Cyclists use a cycle lane to travel past the Copenhagen Stock Exchange, in Copenhagen, Denmark. Photograph: Ulrik Jantzen/Getty Images

Samoa

Like many small, isolated islands, Samoa’s need to ship in diesel for electricity generation has led to high power prices and been a boot on the throat of the developing economy. For these islands, says Irena’s Gielen “it makes perfect sense to switch to renewables”.

The government has set itself the target of achieving 100% renewable electricity generation by 2017 and is well on course. Last year the UN climate chief Christiana Figures congratulated Samoa on being a leader among small island states as they attempt to bypass the fossil fuel economy.

The government and developers have used the island’s rivers, sunlight and wind to generate electricity. Last year, the country’s first wind farm was completed. The two turbines will cut annual fossil fuel expenditure by $475,000. Because of the regular occurrence of tropical storms, the turbines are designed to fold away their blades when necessary, protecting them from destructive winds.

Fukushima

Devastated by tsunami in 2011 and still suffering from the radiation spilled by the Daiichi Nuclear Power Plant, the prefecture of Fukushima has declared its intention to rebuild itself as a renewable energy haven.

As a country, Japan was left deeply scarred by its experience with nuclear disaster. The fallout from Fukushima has been a dramatic rise in carbon emissions as nuclear reactors across the country were switched off and fossil fuels were poured into the breach. By March last year, after years of strong cuts before the disaster, emissions had risen to their second highest level on record.

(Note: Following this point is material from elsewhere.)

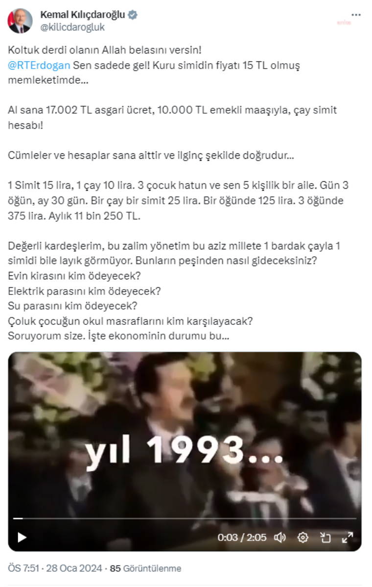 CHP 7. Genel Başkanı Kılıçdaroğlu, AKP Genel Başkanı Recep Tayyip Erdoğan’ın 1993'te henüz belediye başkanı değilken dönemin iktidarını eleştirmek için asgari ücret üzerinden yaptığı çay-simit hesabının videosunu bu akşam X hesabından yayınladı.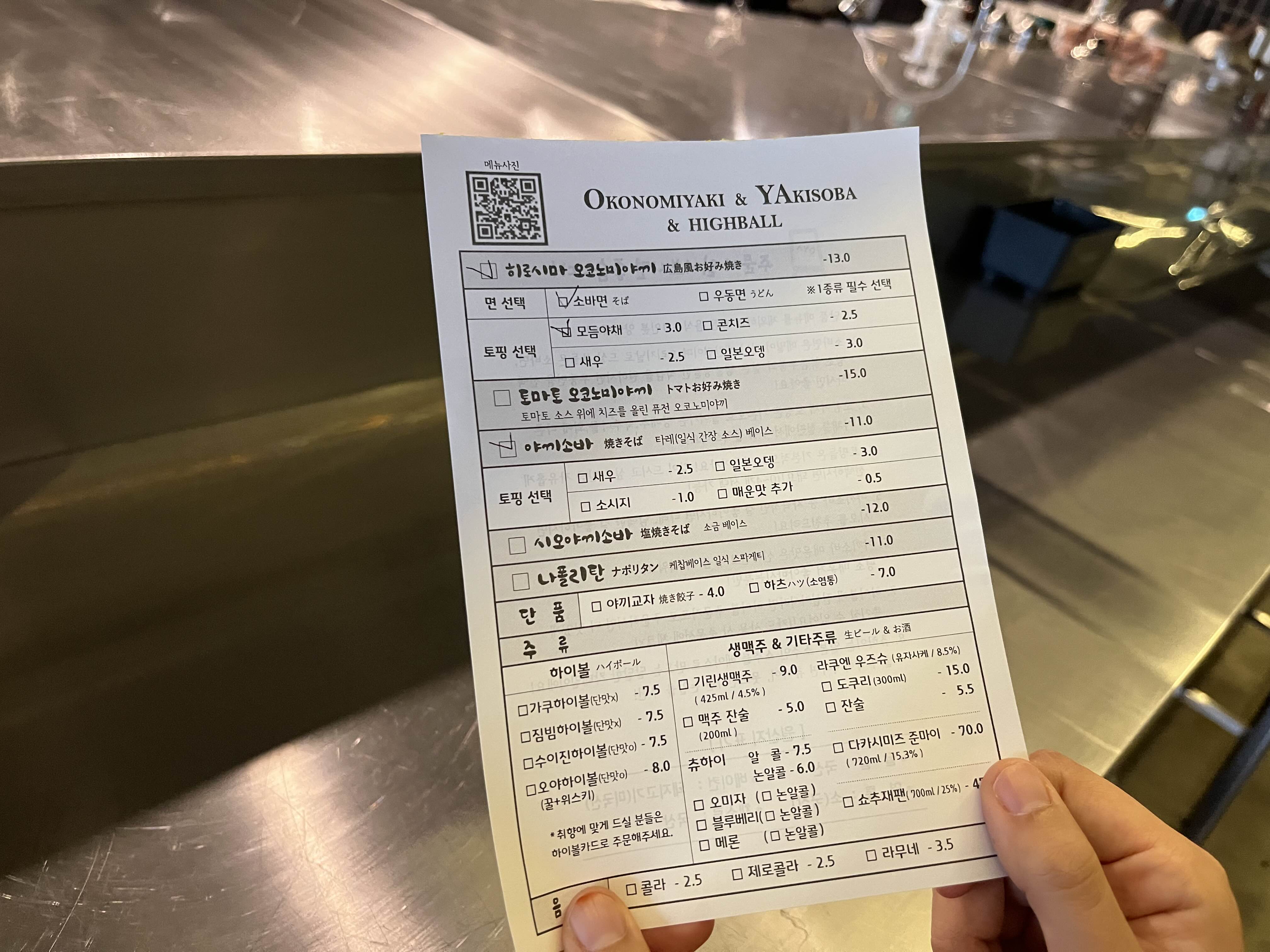 우리는 처음 오야에 방문했기 때문에 주문하는 방법을 천천히 읽어보고 메뉴를 정했다. 오코노미야끼에 모듬야채를 추가하고 야끼소바 하나를 주문함~ 맛있겠다

But Fukushima’s government has committed to building enough renewable electricity capacity to supply its 2 million residents by 2040. Driving the transition is a focus on community scale solar and wind plants. By 2020, the prefecture aims to have 143 floating wind turbines with a capacity of 1GW installed.

Orkney

The Orkney islands are home to Europe’s most productive wind turbine. During April, NM92 became the first wind turbine in Europe to click over 100,000,000 kWh – enough electricity to power a typical UK home for over 30,000 years. With it’s total exposure to winds sweeping out of the Northern Atlantic, Orkney – which translates from Icelandic to ‘energy islands’ – has become a beacon for renewable energy consistently producing more renewable electricity than they consume. Advanced testing of wave and tidal generation is also underway.

The cheap, clean energy has led to a growing demand for electric vehicles. Currently 50 cars cruise the islands, about 5% of the entire Scottish electric vehicle market. Orkney has just 0.4% of the country’s population.

Tianjin Eco-city, China

While it’s not a done deal, Tianjin Eco-city provides a clue to how China might answer the question: what are you going to do with all these millions of newly middle-class, high carbon-emitting citizens?

The Eco-city is a $24bn model of sustainability. It is being built from scratch and, when complete, will be able to accomodate 350,000 residents. It is just one of hundreds sprouting across China as the urban population, swelled by the rural poor, grows by 13m each year. The city puts a premium on energy efficient buildings – a must for a country where coal smog has cut life expectancy in some areas by 5.5 years. Public transportation and modern urban planning will also help to cut pollution and carbon emissions.

A man walks in a building with solar-panel glass windows in the Sino-Singapore Tianjin Eco-city in Tianjin Binhai New Area, China. Photograph: How Hwee Young/EPA

But a Guardian visit last year found the Eco-city remained largely empty, an environmentally-friendly Potemkin city of empty highways and just 6,000 people, meaning the project remains an incomplete vision of a healthier, less-polluted China.